Stock photography kills.
Builders, EPC contractors, infrastructure developers. The buyer wants to verify your work history before they trust the next quote — and they aren’t credulous about marketing imagery.
You cannot fake construction work history. Buyers know this. Every construction-sector site we’ve audited that leads with stock-photo cranes and aspirational drone footage of buildings that aren’t the firm’s is, on closer inspection, a firm that hasn’t delivered enough projects to fill a portfolio. The savvy buyer takes thirty seconds to confirm this — a quick reverse image search of the hero shot — and walks away. The first rule for construction-sector sites is: only use photographs of buildings you actually built. If you don’t have enough, the answer isn’t stock photography; the answer is leading with the projects you do have and being honest about the firm’s stage.

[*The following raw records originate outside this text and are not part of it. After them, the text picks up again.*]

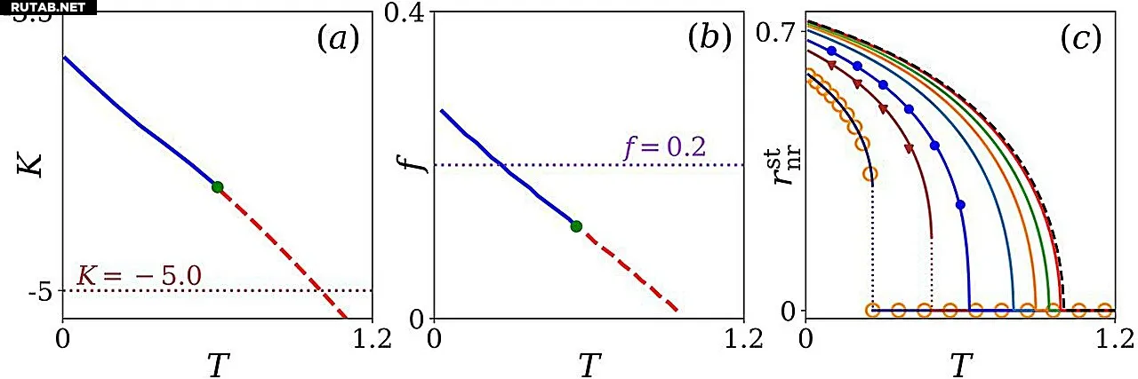 На панелях (a) и (b) сравнивается фазовая граница без сброса (слева) и со сбросом подсистемы (в центре), показывая, что сброс лишь части системы (f) может смещать и изменять кривую фазового перехода в зависимости от температуры (T). Панель (c) показывает, как стационарный параметр порядка не сбрасываемой подсистемы меняется с температурой при разных частотах сброса. Авторы: Аниш Ачарья, Рупак Маджумдер, Шамик Гупта (TIFR, Мумбаи).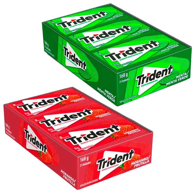 Trident te ajuda a tornar o dia mais leve e divertido, destravando os pequenos momentos de tensão a cada mascada. Kit com duas caixas com 21 unidades.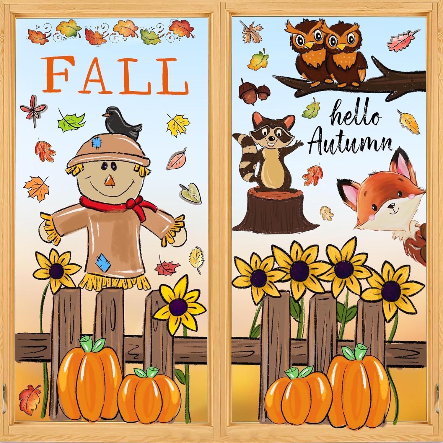 - Fall Window Stickers - This large Fall window stickers contains different Fall Watercolor Pumpkins, Maple Leaves, Scarecrow, Owl and Sunflowers, looks cute and interesting, which can help you create a warm Fall atmosphere.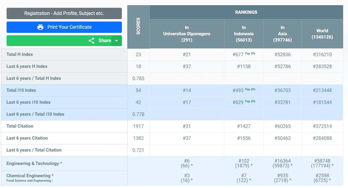 Dengan hasil skor yang tertera di bawah, Andri Cahyo Kumoro menempati peringkat #21 Universitas, #677 Indonesia, #52836 Asian, dan #316210 Dunia secara keseluruhan subjek yang termasuk ke dalam kategori AD Scientific Index 2023.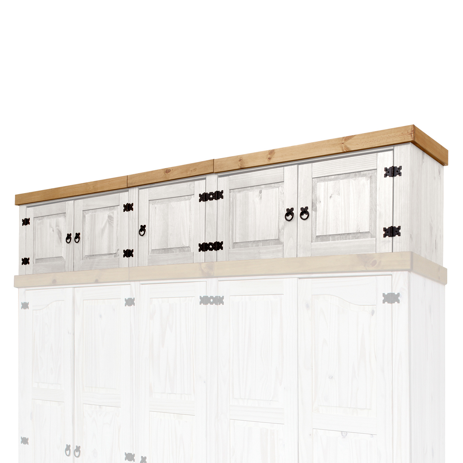 materiál masiv borovice voskovaná v bílém odstínu horní lem masiv borovice voskovaná v medovém odstínu nástavec pro skříň 162819B součást sestavy Corona bílá

What a project portfolio entry actually needs
- The client name (with permission) or the project name. Generic “commercial complex in Pune” doesn’t pass diligence.
- Year of completion. Older than ten years is fine; missing entirely is a red flag.
- Scope and scale — sq.ft., or m², or both. Buyers in India use both depending on sector.
- Your specific role: EPC contractor, design-build, sub-contractor, project management. Vague language here is itself a tell.
- Photographs of the finished work, ideally a few from different angles. One drone shot is not enough.
- For RERA-registered residential projects: the RERA registration number, prominently. Buyers check.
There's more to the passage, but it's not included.